## Collected data
====

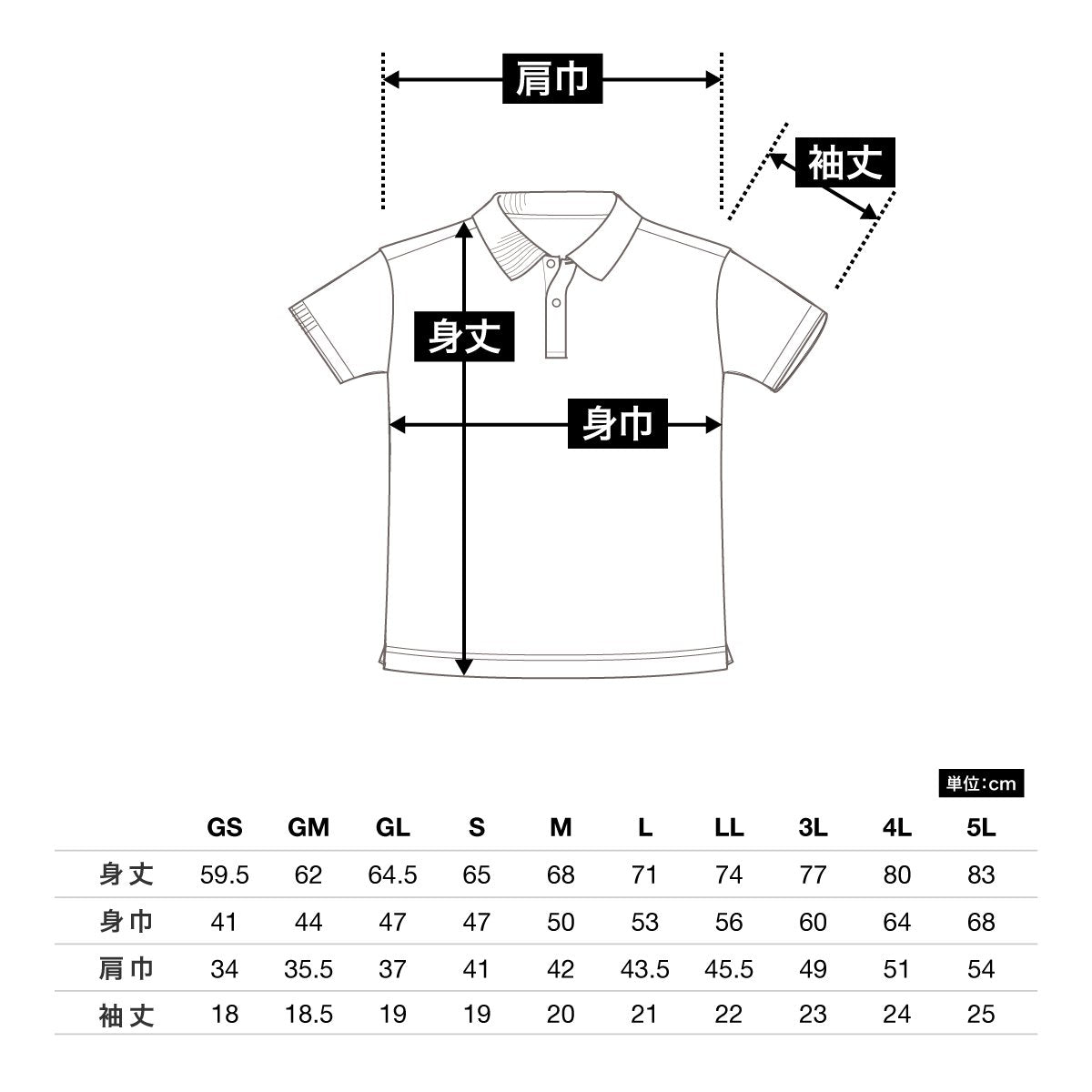 | 身丈 | 59.5 | 62 | 64.5 | 65 | 68 | 71 | 74 | 77 | 80 | 83 |
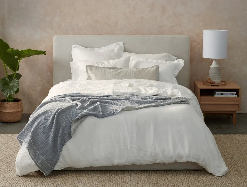 Matelassé woven from pure organic cotton, Topanga is whimsical, drapey and lightweight. It’s also conveniently reversible, with slim stripes on one side and ombre ripples of color on the other, so you can change the look of the bed with a quick flip.
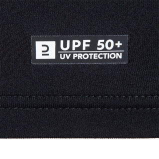 This UV-resistant T-shirt helps limit rubbing and chafing due to contact with the surfboard or bodyboard. It can also be used under a wetsuit to limit chafing, particularly around the neck and armpits. Reduced chafing from paddling movements has been proven for sessions of one hour. If you plan to surf for more than one hour, the UV top 500 will be a more suitable choice with its seamless panels under the arms.

====

## Problem
Wherever a picture appears in the material above, skip it and copy the rest without change.

## Response box
 | 身丈 | 59.5 | 62 | 64.5 | 65 | 68 | 71 | 74 | 77 | 80 | 83 |
 Matelassé woven from pure organic cotton, Topanga is whimsical, drapey and lightweight. It’s also conveniently reversible, with slim stripes on one side and ombre ripples of color on the other, so you can change the look of the bed with a quick flip.
 This UV-resistant T-shirt helps limit rubbing and chafing due to contact with the surfboard or bodyboard. It can also be used under a wetsuit to limit chafing, particularly around the neck and armpits. Reduced chafing from paddling movements has been proven for sessions of one hour. If you plan to surf for more than one hour, the UV top 500 will be a more suitable choice with its seamless panels under the arms.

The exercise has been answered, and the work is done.